Augmenting engineering with market based innovation
In a nutshell, Gary is a highly qualified hardware and software engineer with extensive experience in market engagement strategies.
Gary has a B.Tech (Cum Laude) from Johannesburg University (South Africa), an MBA from Open University (UK), and is currently working on a doctorate in organisational psychology at Aston University (UK).
Gary joined Cambridge Silicon Radio in January 2001 and became the technical marketing specialist responsible for driving the adoption of the company's new Bluetooth single chip technology into the mobile phone market, delivering solutions into Nokia, RIM, Samsung and others.
Gary also established the Singapore office as headquarter for Asia. As director leading over 100 employees worldwide, he was also responsible for creating and driving new engineering initiatives into existing and prospective voice and music markets for Qualcomm.
Gary specialises in low power, wireless product engineering, such as earbuds, IOT devices and mobile phones. Gary's talents also include an ability to engage customers, marketing, sales and R&D to work together to deliver differentiated solutions to market.
Gary is an expert in the R&D product lifecycle including product specification, hardware and software R&D, which is structured to facilitate early market engagement, product development,
product stabilisation, production engineering, and test engineering for mass market delivery. Sustainability is achieved through including continuous integration within the R&D and marketing processes.
These capabilities are augmented with a strong academic background in engineering, business, and leadership.
Gary believes in developing an environment conducive to entrepreneurial behaviour within the organisation (intrapreneurship), through engaging marketing, sales, product support and engineering functions in the pursuit of delivering world-class, world-beating, innovative solutions.
Intrapreneurial employees are employees who are able to recognise new opportunities, and have the motivation and desire to pursue these opportunities to completion within an existing company. Providing a supportive environment that enables this behaviour is a prerequisite for maximising the potential of employees and a key ingredient in employee engagement within an organisation. This engagement is necessary for companies that are wanting to engage in corporate entrepreneurship as a means for improving competitiveness.
Penetrating a new market is not just a function for the marketing organisation. Working together, Gary believes in creating teams of thought leaders from different organisational settings. Having insight into the challenges of integrating new technologies into markets enables mechanisms for show-casing expertise in solving these challenges. This requires an ability to work across boundaries, being dynamic, a willingness to try new initiatives, and the resilience to see it through to successful completion.
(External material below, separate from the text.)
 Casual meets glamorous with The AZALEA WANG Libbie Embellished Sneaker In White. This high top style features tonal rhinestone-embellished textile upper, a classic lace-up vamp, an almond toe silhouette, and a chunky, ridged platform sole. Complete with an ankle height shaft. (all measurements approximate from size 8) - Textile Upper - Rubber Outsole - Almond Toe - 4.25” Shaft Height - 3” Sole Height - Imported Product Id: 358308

Developing a new product requires knowledge, not just of the behaviour and KPI's of the product itself, but foresight into the challenges that will be faced in the delivery and maintenance of the product. Having a fantastic product is not enough if reliability cannot be achieved during customer engagement, production yields cannot be realised during production, or it's use in the field cannot be sustained over the long term. Development is not limited to the product itself but includes the infrastructure and tools needed to ensure quality and long-term sustainability.
Field trials, compliance to standards and unique customer expectations can be a challenging time for a prospective new product gaining market acceptance.
Developing with the right platforms that are aligned with customers end products are a valuable tool for highlighting potential market specific issues that may arise early in the development cycle. In addition to developing standard development platforms, equivalent reference platforms and associated tools for addressing field level issues are a vital part of the R&D program.
Field upgrades are a standard practice in today's world. Customers expect the latest capabilities on existing product to maintain efficient competitiveness . This is challenge for an incumbent who needs to support existing customers whilst also developing the next generation of products.
Designing continuous integration systems around the existing products to immediately detect and identify regression of quality is a critical capability. It significantly reduces effort, and therefore, time and manpower which can then be deployed elsewhere.
The development of long-term engineering planning roadmaps (EPR) as well as mid-term objectives, such as feature requests, are a process which should integrate the business with all of the functions required to successfully introduce products and new features to market. EPRs and FR planning needs to include marketing, R&D, CI, validation, production, tools, release mechanisms and product support so the business can do the necessary strategic planning to be successful.
Short term methods for program management, such a progress KPIs, quality KPIs and reporting are methods that can, and should, be a part of the organisations continuous integration systems and processes which, if successfully integrated into the marketing / R&D DNA, will significantly reduce the overhead of managing these projects.